BEGIN Records for the exercise

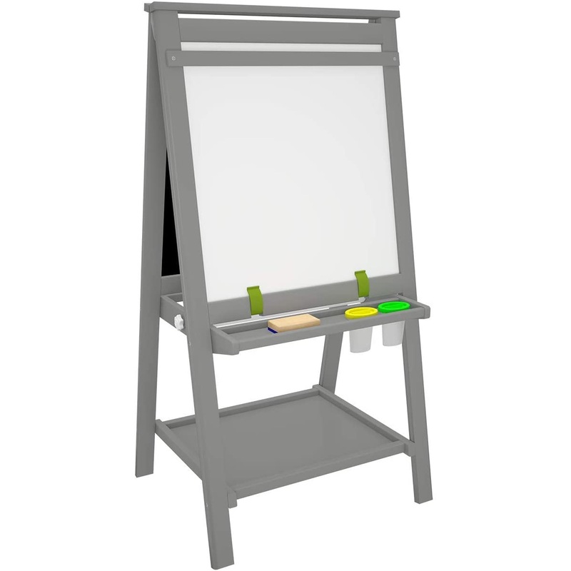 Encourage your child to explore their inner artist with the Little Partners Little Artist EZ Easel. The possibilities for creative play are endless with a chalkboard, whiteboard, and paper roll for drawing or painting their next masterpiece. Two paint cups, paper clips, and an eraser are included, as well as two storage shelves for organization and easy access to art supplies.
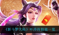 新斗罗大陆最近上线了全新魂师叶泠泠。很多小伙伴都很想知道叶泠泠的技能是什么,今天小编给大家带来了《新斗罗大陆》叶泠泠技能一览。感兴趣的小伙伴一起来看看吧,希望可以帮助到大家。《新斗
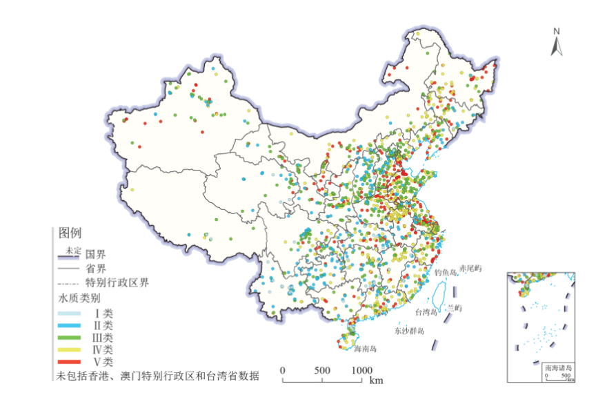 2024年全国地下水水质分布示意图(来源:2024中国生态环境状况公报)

END Records for the exercise
BEGIN Records for the exercise

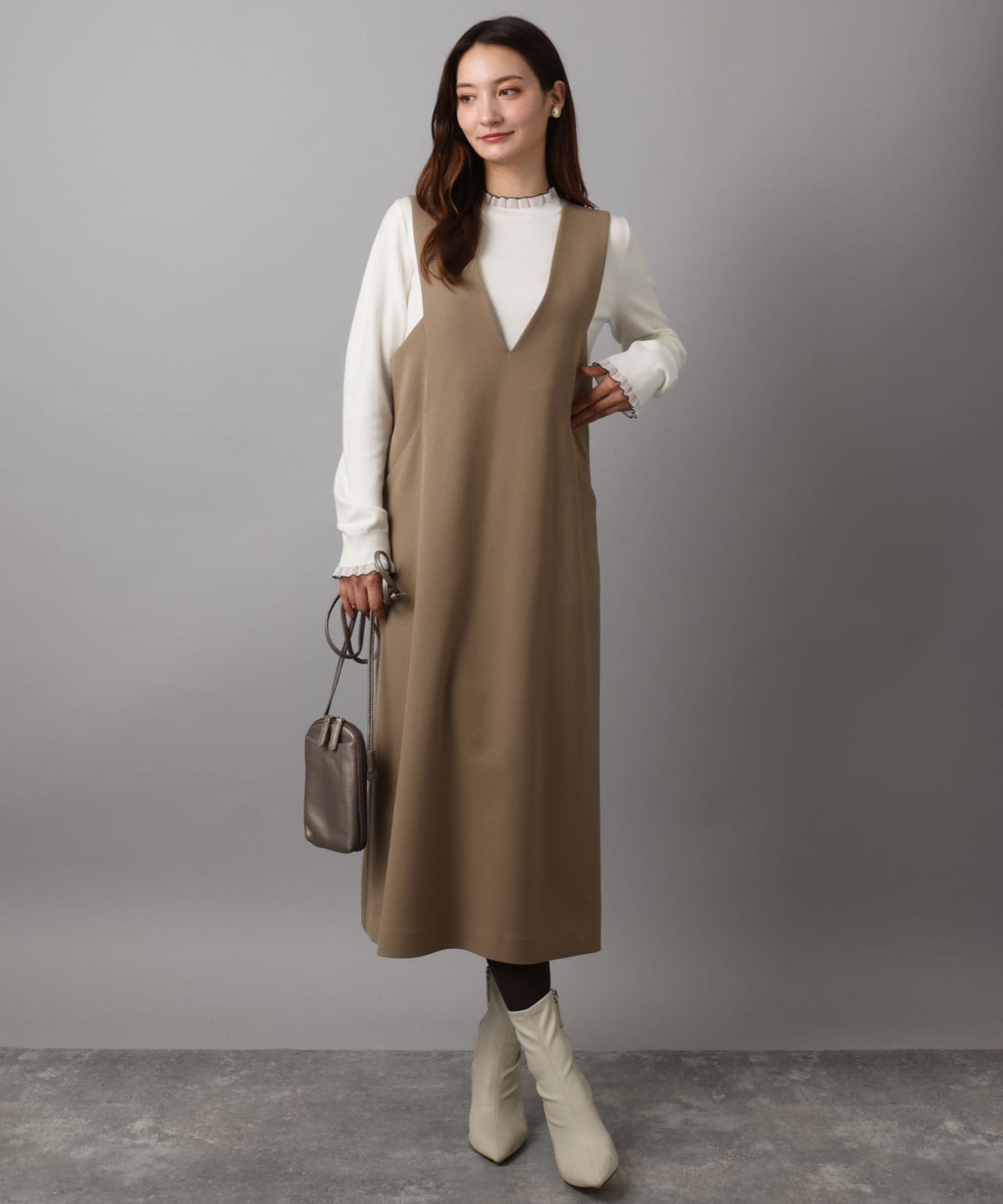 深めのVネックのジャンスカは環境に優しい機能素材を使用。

END Records for the exercise

(Action item) From the records above, copy exactly the stretch from the line holding "Encourage your child" through the line holding "2024年全国地下水水质分布示意图(来源:2024中国生态环境状况公报)", both ends included, without the pictures.

(Solution to the problem)
 Encourage your child to explore their inner artist with the Little Partners Little Artist EZ Easel. The possibilities for creative play are endless with a chalkboard, whiteboard, and paper roll for drawing or painting their next masterpiece. Two paint cups, paper clips, and an eraser are included, as well as two storage shelves for organization and easy access to art supplies.
 新斗罗大陆最近上线了全新魂师叶泠泠。很多小伙伴都很想知道叶泠泠的技能是什么,今天小编给大家带来了《新斗罗大陆》叶泠泠技能一览。感兴趣的小伙伴一起来看看吧,希望可以帮助到大家。《新斗
 2024年全国地下水水质分布示意图(来源:2024中国生态环境状况公报)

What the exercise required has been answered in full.